Laporan yang "hilang" mengenai genosida, penyiksaan, pemerkosaan dan perbudakan suku-suku asli selama ini Brasil Kediktatoran militer [1] telah ditemukan kembali, sehingga menimbulkan pertanyaan baru mengenai apakah pemerintah telah melakukan perbaikan dan menghukum mereka yang bertanggung jawab.
Laporan Figueiredo setebal 7,000 halaman sudah tidak terlihat selama lebih dari 40 tahun, namun kutipan yang diperoleh Guardian mengungkap ratusan dugaan kejahatan dan pelakunya.
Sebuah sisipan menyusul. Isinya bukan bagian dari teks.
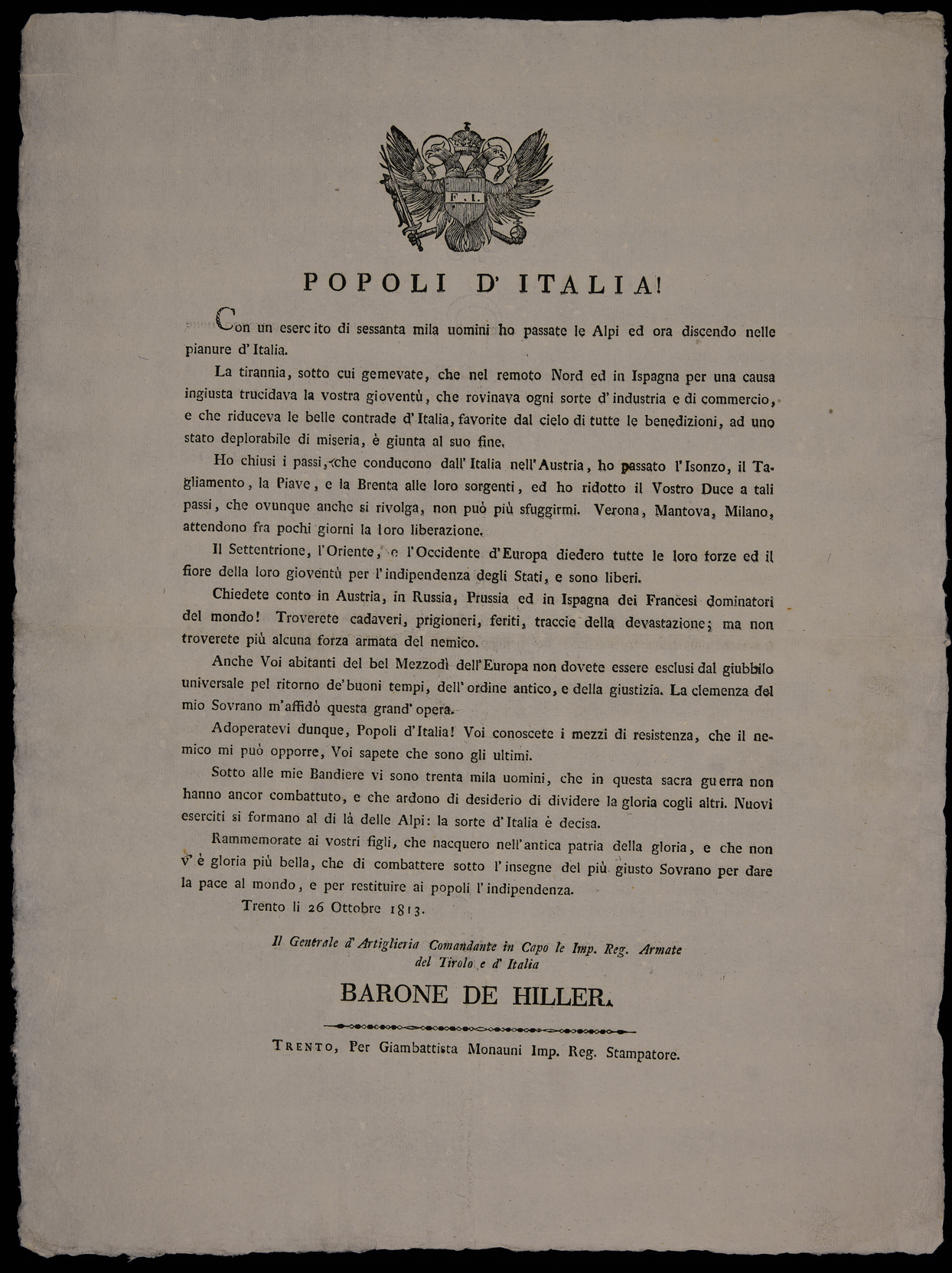 Con un esercito di sessanta mila uomini ho passate le Alpi ed ora discendo nelle pianure d'Italia ...

Diserahkan pada tahun 1967 oleh jaksa penuntut umum Jader de Figueiredo Correia, dokumen tersebut merinci pelanggaran mengerikan yang dilakukan oleh Dinas Perlindungan India (yang dikenal sebagai SPI), yang dibentuk untuk meningkatkan penghidupan masyarakat adat namun seringkali berakhir sebagai mekanisme untuk merampok. mereka dari tanah atau memusnahkan mereka dengan senjata atau racun.
Dokumen tersebut menimbulkan kehebohan internasional ketika dirilis, dua tahun kemudian menyebabkan berdirinya organisasi hak-hak suku Kelangsungan Hidup Internasional [2]. Namun Brasil gagal memenjarakan satu orang pun meskipun ada dakwaan awal terhadap 134 pejabat yang diduga terlibat dalam lebih dari 1,000 kejahatan.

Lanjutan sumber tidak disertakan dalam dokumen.